The Irish society for promoting the scriptural education and religious instruction of the Irish-speaking population chiefly through the medium of their own language, sometimes called the Irish Society, was a Protestant missionary society which proselytized among Irish-speaking Roman Catholics. It was founded in 1818 in Dublin by members of the Church of Ireland and remained in existence until 1914.

The main movers in setting up the society were Henry Joseph Monck Mason and Bishop Robert Daly. Its offices were located at 16 Upper Sackville St., Dublin. Mason acted as its secretary for many years, besides writing several tracts in furtherance of its objectives.

The society claimed to be interdenominational and to respect religious differences. However, the organisation's literature, often published to attract donations from England, demonstrates that the eventual objective was one of conversion. Missionaries liked to concentrate on aspects of the Bible which they believed contradicted Catholic teaching.

Members of the society placed emphasis on education, which would allow the Irish natives access to the scriptures in Irish for the first time. A teaching mission was set up in the Kingscourt area of County Cavan, and the success of the venture encouraged the society to establish charity schools to promote education through the Irish language. Catholic teachers were employed, as few Protestants knew Irish. These teachers were prized for their local knowledge and the fact that they could draw upon networks of friends and family. However, school inspectors were Protestants.

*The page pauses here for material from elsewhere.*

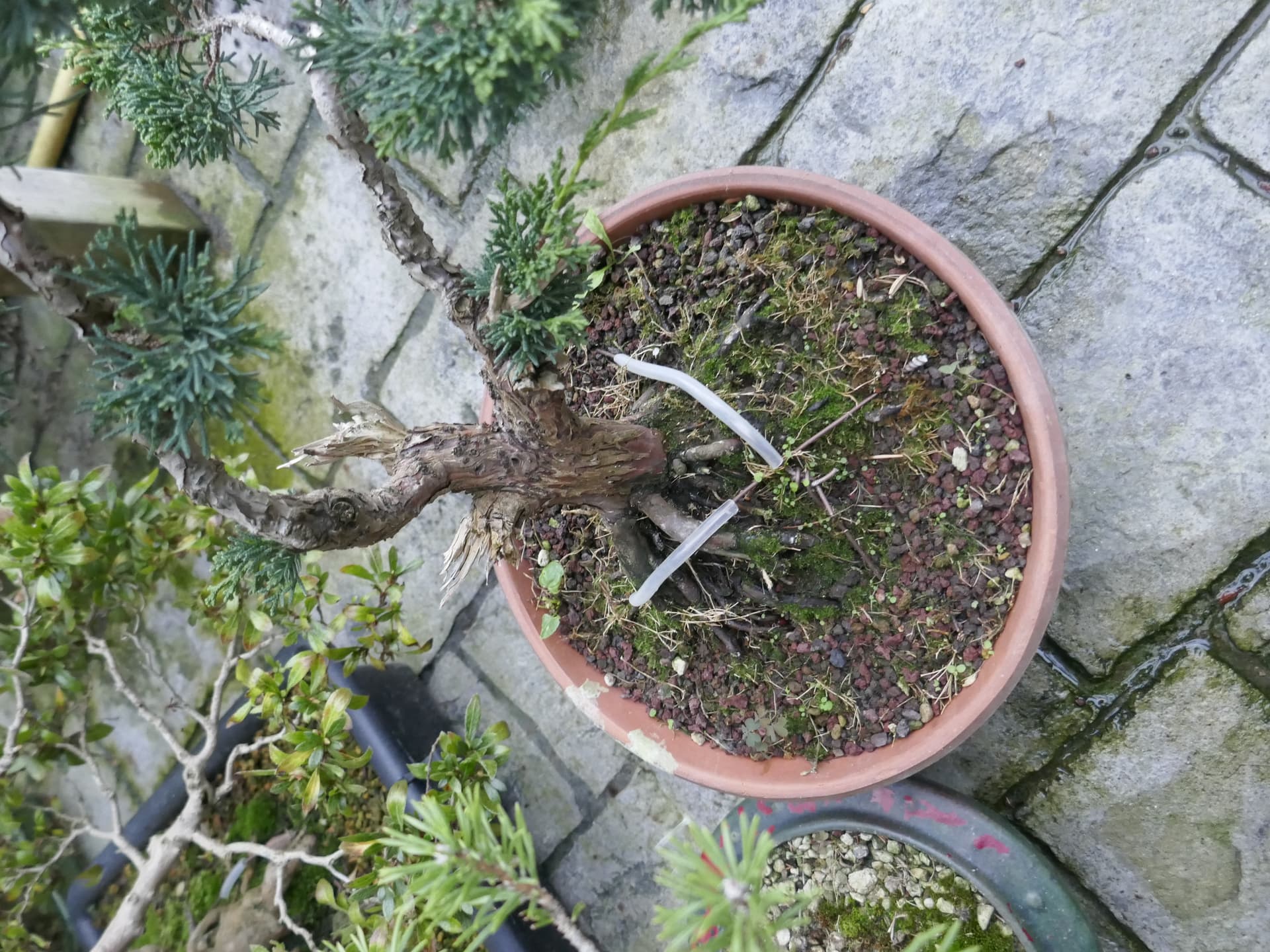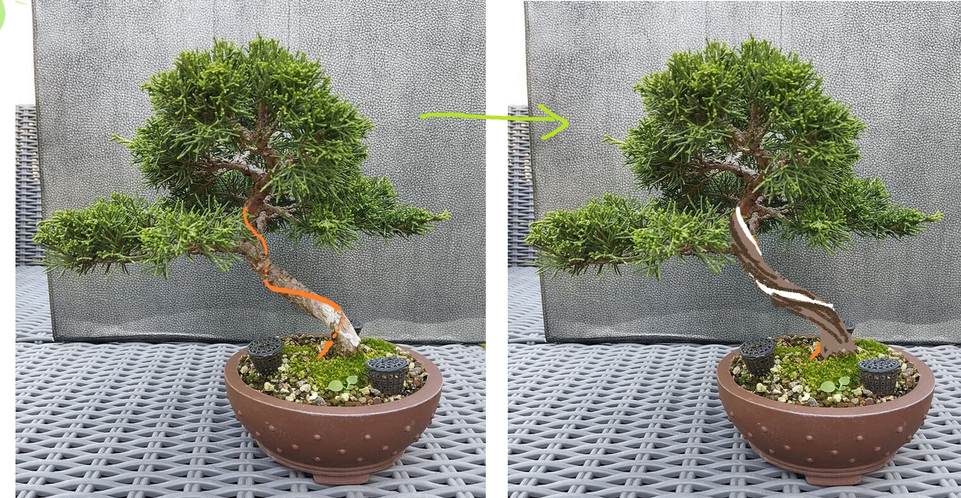 Par contre avec la ligature faut être patient vu que l’arbre devra se développer autour de la ligature pendant plusieurs années… ça peut jouer sur ta décision ^^ Quelqu’un qui sait faire pousser fortement un junip aura des résultats plus rapides.
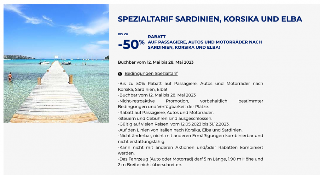 Corsica Ferries mit bis zu 50% Rabatt bei Buchung bis 28.05.23

In 1835, the society reported that it had 514 salaried teachers and that over 14,000 pupils had been inspected. By 1844 the society reported that it had in place a system of elementary education in twenty-four counties, including schools, teachers, supervisors and delivery men for religious literature. In 1849 it reported that it had distributed more than 30,000 books, mostly in Irish, to teachers and scholars.

The Catholic Church condemned the schools and those who worked in them. Sometimes violent conflicts arose between supporters and objectors. On occasions, the police were needed at the funerals of converts and at public appearances by ministers who were converted priests.

At Mason's suggestion, the committee of the Irish Society founded in 1844 two Bedell scholarships and a premium in Trinity College Dublin for encouraging the study of the Irish language. He was mainly instrumental in the establishment there of a professorship of Irish.

In 1848, the Irish Society in partnership with the controversial Irish Church Missions to Roman Catholics (ICM) undertook projects in Galway and Mayo. This was a difficult alliance due to the aggressive evangelical zeal of the ICM founder, Rev. Alexander Dallas, and his anti-Catholic tirades, which caused much bitterness in the areas, as well as with members of the Irish Society, particularly in Trinity College.

In 1861, the society was instrumental in the translation into Irish of the Book of Common Prayer / Leabhar na nUrnaighe Comhchoitchionn.

The society existed until 1914, and in the early years of the 20th century during the Home Rule movement, offered its belief in Scripture to solve issues. In the last 20 years of its existence, it sold off its property and schools to survive.